# Inventory Day!



## PhoenixWoodDesigns (Apr 9, 2014)

Periodically I do an inventory on my pen blanks just to see what I have left. I haven't done it in a long time, and I've severely let my stock atrophy in favor of finding larger hunks of wood to do bowls, etc. (My inventory is typically at least 5 times what I have here, and have a much larger list of exotic burl species.) Anyway, for those that may be interested.... Here is my current stock:



 

Full sized are considered at least 5"
Shorts are considered at least 3" but not 5" or more
Longs are considered big enough to get at LEAST 2 pens out of, some of these are 12" + (The mahogony for instance is about an 1.5" sq by about 4' for each one.)

Reactions: Like 3


----------



## Sprung (Apr 9, 2014)

Looking over that list, it looks like you've got some real nice pen blanks!


----------



## manbuckwal (Apr 9, 2014)

Man you are way too organized

Reactions: Agree 3


----------



## Tclem (Apr 9, 2014)

manbuckwal said:


> Man you are way too organized


Wouldn't take me but about 5 min to get my list together. Lol


----------



## manbuckwal (Apr 9, 2014)

Tclem said:


> Wouldn't take me but about 5 min to get my list together. Lol



I don't believe that for a minute !

Reactions: Agree 1 | Funny 2


----------



## hobbit-hut (Apr 9, 2014)

It would take me an hour to copy that list. The problem I would have is finding the list and several days to hunt down the blanks.

Reactions: Agree 2


----------



## Molokai (Apr 9, 2014)

Found some new wood, need to google that Mai Chick burl and Maidou burl


----------



## Kevin (Apr 9, 2014)

Not much of an inventory - there's no curly koa.

Reactions: Funny 4


----------



## PhoenixWoodDesigns (Apr 10, 2014)

Molokai said:


> Found some new wood, need to google that Mai Chick burl and Maidou burl



Definitely worth checking out! Mai Chick burl is especially nice for inlay work, as it's naturally full of small black voids.



Kevin said:


> Not much of an inventory - there's no curly koa.

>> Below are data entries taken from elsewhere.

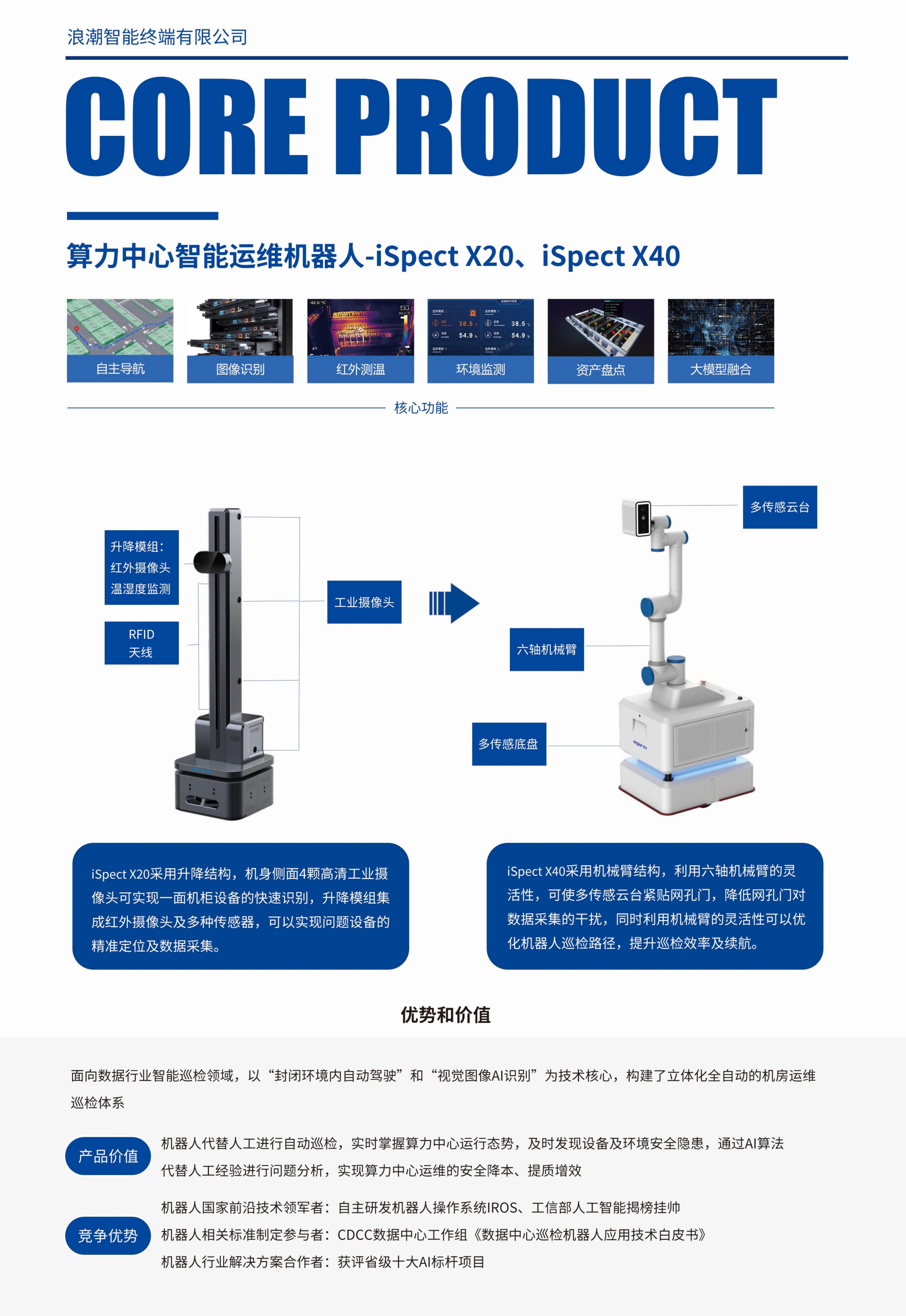 面向数据中心,配电室,工业园区等场景,拥有设备盘点,智能识别,气体检测及远程驾驶等功能 青娱乐极品视觉盛宴,降低运维成本和提升能效,协助打造高效数据运维和管理系统。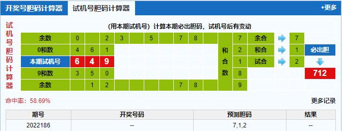 本期3d试机号胆码计算器给出结果:712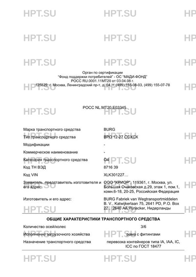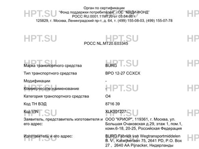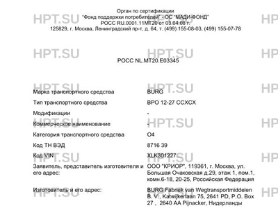 | Марка ТС | BURG |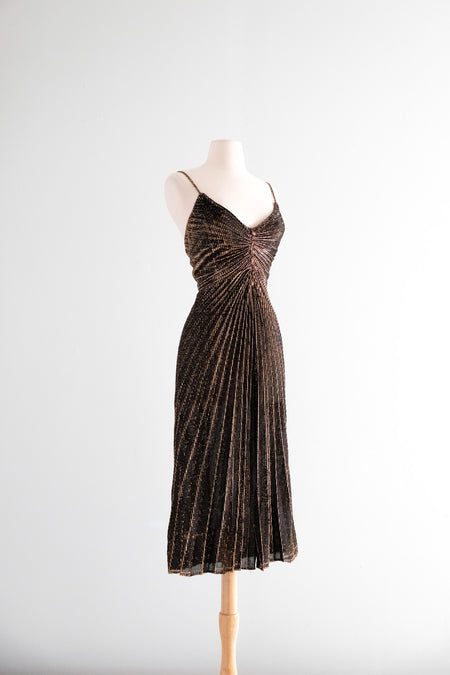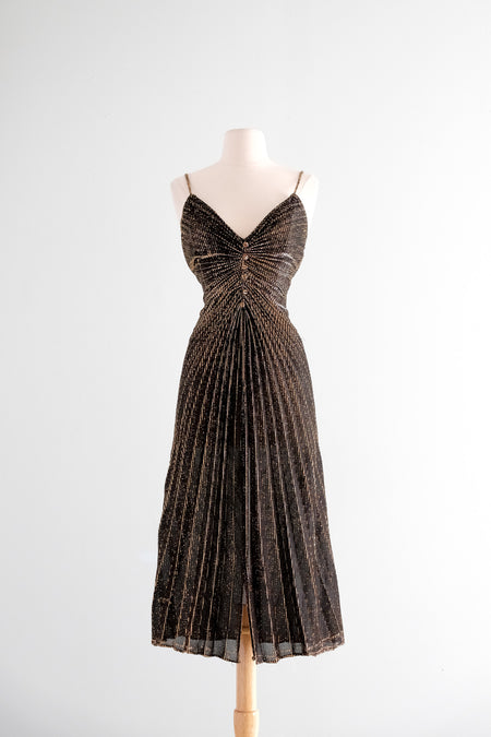 Sold Out DAZZLING 1970's Marilyn Monroe Black & Gold Lurex Accordion Pleated Party Dress / SM $168.00

Already used it all :( Curly Koa always sells fast. Afzelia X-Lay is another one that goes fast, and isn't on there at the moment.

Reactions: Like 1


----------



## hobbit-hut (Apr 10, 2014)

Hey Michael, I noticed you have two types of Sheeoak. I have some I got from a big stump locally and think it's very attractive. But It doesn't photograph well. I think part of the problem is I need the correct lens and lighting set up. I wonder if you might share a photo of what you have ? I don't want to put you to a lot of trouble. I'm sure your busy. But if you have time and are inclined it would be appreciated.


----------



## PhoenixWoodDesigns (Apr 10, 2014)

I can sure try Lowell, but I'll be honest -- I'm a piss poor photographer and I don't have a fancy camera. (I use my tablet most of the time.) I'll try to get something up when I get home.

Reactions: Thank You! 1


----------



## rdabpenman (Apr 10, 2014)

Looks like you have some nice blanks to go along with your penventory.

Les


----------



## GeauxGameCalls (Apr 13, 2014)

Looks like your running low on walnut And I might know a guy who just got a seven foot slab I it who might be willing to let some go!


----------



## PhoenixWoodDesigns (Apr 16, 2014)

GeauxGameCalls said:


> Looks like your running low on walnut And I might know a guy who just got a seven foot slab I it who might be willing to let some go!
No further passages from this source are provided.